In vitro sensitivity to GDC-0941

We screened 54 breast cancer cell lines for sensitivity to the selective class I PI3K inhibitor GDC-0941 using an ATP-based cell viability assay and found a wide range of sensitivities, from an IC50 of 0.09 μmol/L in sensitive EFM19 cells to 20 μmol/L in several cell lines in which GDC-0941 did not result in 50% inhibition of viability (Fig. 1A). Overall GDC-0941 showed excellent in vitro activity across the panel of breast cancer cell lines, with 46% (25 of 54) of lines having an IC50 below 500 nmol/L and 72% (39 of 54) of lines having an IC50 of <1 μmol/L. We confirmed these findings in an assay that more directly assesses cell proliferation by determining the effects of 24-hour GDC-0941 treatment on BrdUrd incorporation, a measure of DNA synthesis, in a subset of the cell lines (Supplementary Fig. S1). This analysis confirmed that cell lines that showed sensitivity in the ATP-based viability also showed markedly reduced BrdUrd incorporation, whereas cell lines with lesser sensitivity showed a minimal effect of GDC-0941 treatment on BrdUrd incorporation. We also screened two other inhibitors of PI3K/mTOR signaling across 50 cell lines from the panel and observed a similar profile of sensitivity and resistance. PI3KA/Di is a recently described inhibitor that is selective for the α and δ isoforms of the PI3K catalytic subunit (21). IC50 values for PI3KA/Di across the panel were highly correlated with those for GDC-0941 (Pearson R = 0.80; Fig. 1B). PI-103 is an inhibitor of p110α, mTOR, and DNA-PK (22). IC50 values for PI-103 were also correlated with those for GDC-0941, although to a lesser extent than with PI3KA/Di (Fig. 1B). Together, these results suggest that the sensitivity profile we observe is likely to be due to dependence on PI3K/AKT signaling rather than differences in drug metabolism or transport between cells.

Fig. 1.

In vitro response to GDC-0941 and relationship to PI3K pathway alterations and breast cancer subtype. A, the half-maximal inhibitory concentration (IC50) of GDC-0941 for 54 breast cancer cell lines, determined from an ATP-based cell viability assay and ordered from lowest to highest.
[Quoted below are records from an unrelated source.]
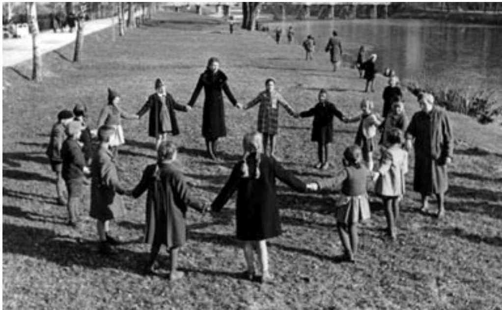
OTROŠKA SKUPINA V MESTNEM PARKU, 1943. (PELIKAN, MNZC)
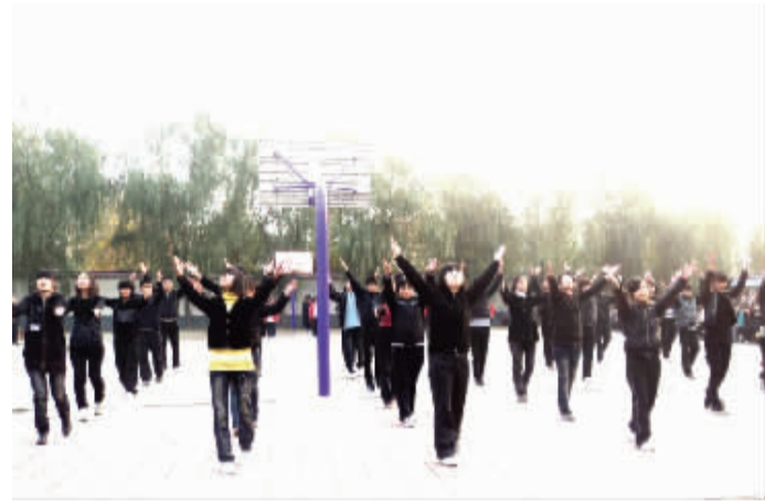
丰富多彩的课外活动
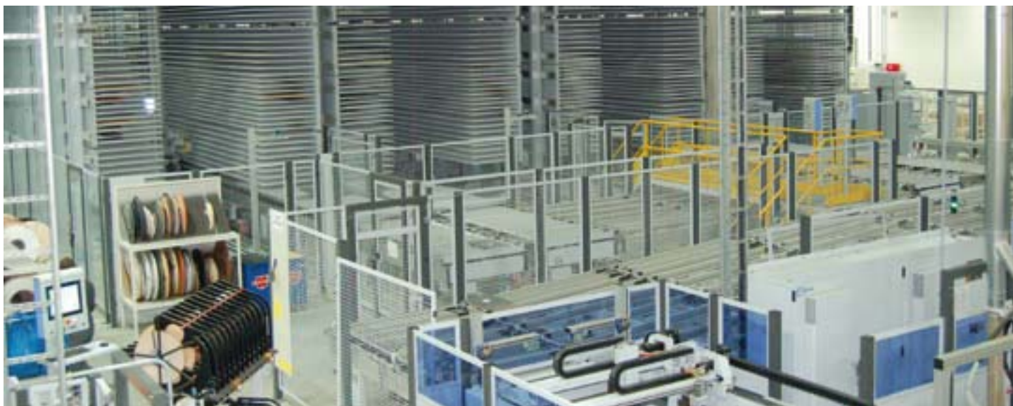
AUTOMATYZACJA I INFORMATYZACJA PROCESÓW PRODUKCYJNYCH I SPRZEDAŻOWYCH, A TAKŻE ICH WSPÓŁGRANIE W PRZEDSIĘBIORSTWIE SĄ KONIECZNE, ABY POLSKIE PRZEDSIĘBIORSTWA MOGŁY KONKUROWAĆ NA ZAGRANICZNYCH RYNKACH.

punktu widzenia nieodzowne jest wykorzystanie dobrodziejstwa, jakim jest Internet. Podstawowym elementem prezentacji produktów jest atrakcyjna, responsywna (to znaczy poprawnie wyświetlająca się na urządzeniach mobilnych) strona internetowa. Bezpośrednim miejscem sprzedaży realnych towarów w świecie wirtualnym jest sklep internetowy. Warto także rozpoznać temat tzw. B2B marketplace – giełd, na których spotykają się producenci i hurtowi odbiorcy mebli. O tych narzędziach pisałem w poprzednim numerze „Biuletynu”.
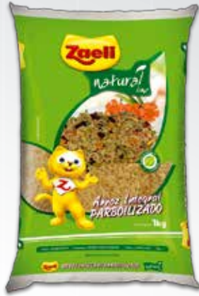
Arroz Integral Parboilizado Arroz Integral Parboilizado Parboiled Brown Rice SAP: 100900 | 10x1kg DUN 14: 1 789618390731 7 EAN 13: 7 89618390731 0 NCM: 1006.30.11
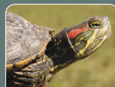
Galápago de Florida ( Trachemys scripta )
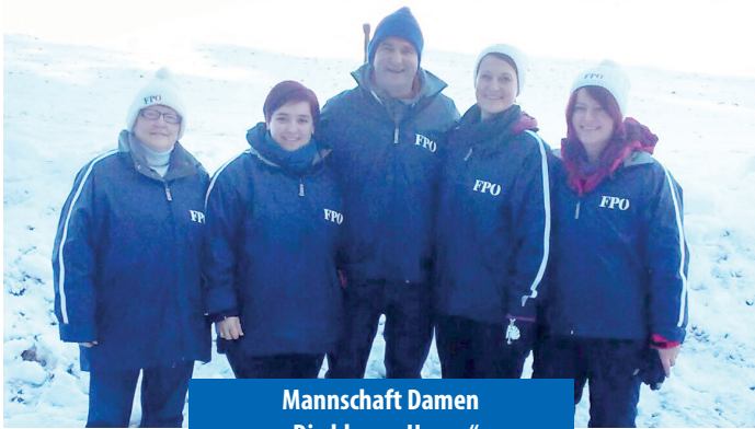
Mannschaft Damen „Die blauen Hasen“
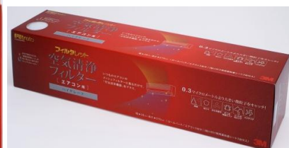
ハイグレードフィルター 左:1枚入り(1台分)、右ロールタイプ(3台分)
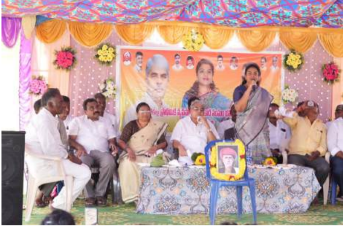
నందిగమ (చైతన్యరథం): చంద్రపాడు మండలం, కొడవటికల్లు గ్రామంలో శనివారం జ్యోతిరావు పూలే
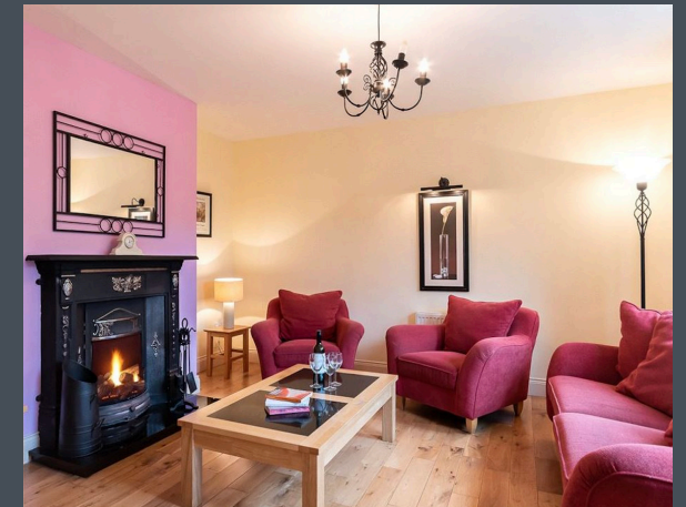
Gemütliches Wohnzimmer mit offenem Kamin

Boxes below the chart indicate molecular subtype (L, luminal; H, HER2 amplified; B, basal-like), activating hotspot mutations in PIK3CA (blue), HER2 amplification (green), or PTEN protein loss determined by Western blotting (red). Molecular subtype of each cell line was determined by gene expression profiling and assessing HER2 amplification status, as previously described (18, 19). B, sensitivity profile of three different PI3K inhibitors across the breast cancer cell line panel. Cell lines in the heat map are clustered by z score–transformed IC50 values. GDC-0941 is a pan-inhibitor of all four class I subunits of PI3K; PI3KA/Di is selective for the α and δ subunits; and PI-103 is a dual inhibitor of class I PI3K and mTOR. C, scatter plot showing relationship between GDC-0941 IC50 (_Y_-axis) and genetic alterations in key signaling pathway components in the cell lines (_X_-axis). D, scatter plot showing relationship between GDC-0941 IC50 (_Y_-axis) and molecular subtype of the cell lines (_X_-axis).

Fig. 1.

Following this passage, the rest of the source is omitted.